Based on the judicial precedent that has been set by the Trinity case, I expect that, assuming the case reaches the supreme court, the supreme court will rule in favor of Wilberforce Academy. The precedent has been set that the judicial system views public goods, from playground equipment grants and now likely to taxpayer dollars, as necessarily equally accessible for secular and religious institutions. Given that these charter schools are optional, tuition free, and open to the public, similar to public schools, it gives the families more autonomy and makes it difficult to argue that students could receive religious education against their will. With that being said, I think judicial precedent and a valid interpretation of the first amendment allows for the funding of religious public charters like Wilberforce Academy.
There are many important implications that need to be considered if the courts side with Wilberforce Academy. Most importantly, being that non secular public charter schools will now be able to be funded through tax payer dollars for the first time in American history. This likely outcome will provide a difficult path for the success of minority religious groups in the United States. Although this interpretation of the law seems neutral at face value, as it allows all religious and non-religious groups to open public charters, it will likely be unequal in practice.

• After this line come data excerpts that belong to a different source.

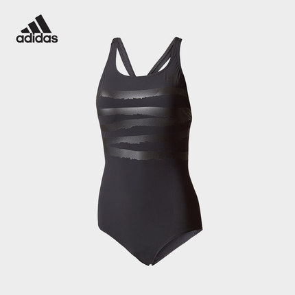 【adidas 女士 连体保守游泳衣 修身显瘦 99元包邮】
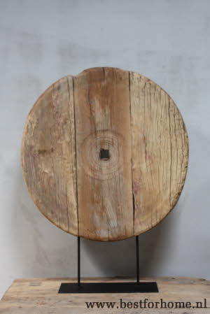Landelijk Uniek Oud Houten Wiel op Standaard China Robuust Object NO.510 VERKOCHT!
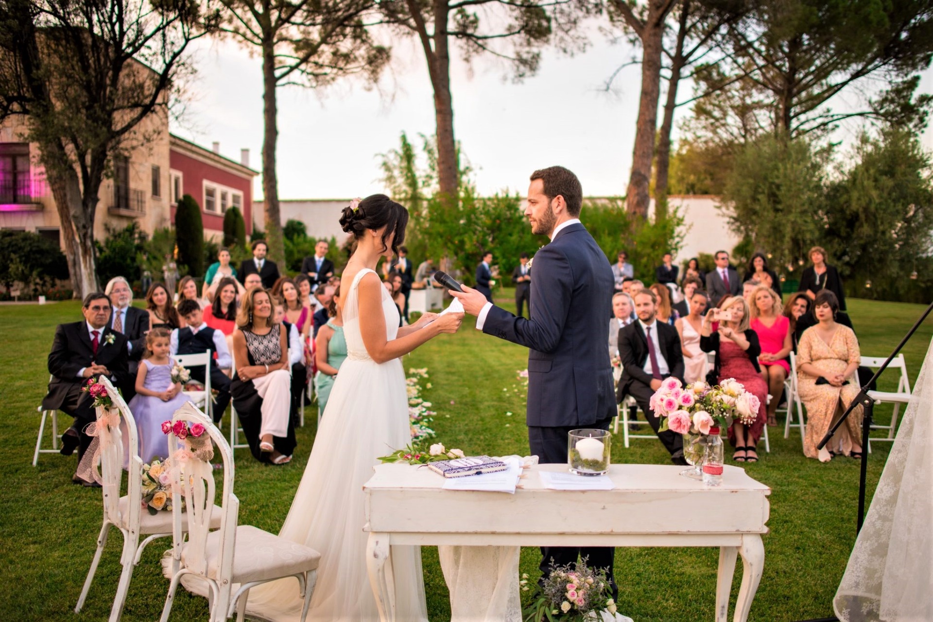 Consentimiento y alianzas. Rito matrimonial: En este momento de nuevo podéis elegir entre escuchar la música muy bajito debajo de vuestras voces mientras que os dais el consentimiento, es justo el momento en el que os estáis casando. En ningún momento os tapará la música, solo embellecerá el acto.

Even though public charters receive a portion of their funding from state grants, those grants alone are rarely ever enough to get a school up and running. Public charters still receive a large amount of private funding to operate, the state grants are just a portion of that funding. Therefore, minority religious groups will have a much more difficult time to start a charter school, if they ever do, than the dominant religions. All in all, I would be surprised to see the judicial precedent that was set in the Trinity case be turned around. However, I think that the lack of neutrality and equality that this decision would create calls for the court to decide in favor of the Tennessee School Board’s interpretation of the free exercise and establishment clause.
4 comments:
I think that if public funds are going toward non-secular institutions, then this clearly violates the separation of church and state. I think since Wilberforce Academy has made it clear about their intentions to be a non-secular institution, then this should disqualify them from receiving public funds that are reserved for charter schools that have secular teachings. However, to acknowledge the opposite opinion, if public funds are given to Wilberforce Academy, then this will set a precedent that charter schools of every religion should have access to these public funds.
This post as a whole does a good job framing the tension between Free Exercise vs. Establishment. In the case of Trinity Lutheran, the funds were granted to a religious institution for a secular purpose (renovation). The difference I see between Trinity Lutheran and Wilberforce is the fact that Wilberforce would explicitly use the money to fund a religious educational program unlike the case of Trinity Lutheran. I do not think Wilberforce Academy should be granted funds because it would violate the established practice of not funding religious institutions.
I agree with your argument that, following the precedent of the Trinity Lutheran Case, the court will side with Wilberforce Academy. With the idea that taxpayer dollars are distinguished as public goods for the people to utilize at the state’s discretion, I see no reason why Wilberforce should not be allowed to have equal access to these public goods. The opposition will claim that this violates the Establishment Clause, but I disagree. Seeing as public goods are accessible to all groups and individuals, they can be used by a variety of religiously affiliated organizations. Wilberforce just happens to be the first to attempt to utilize them in this way.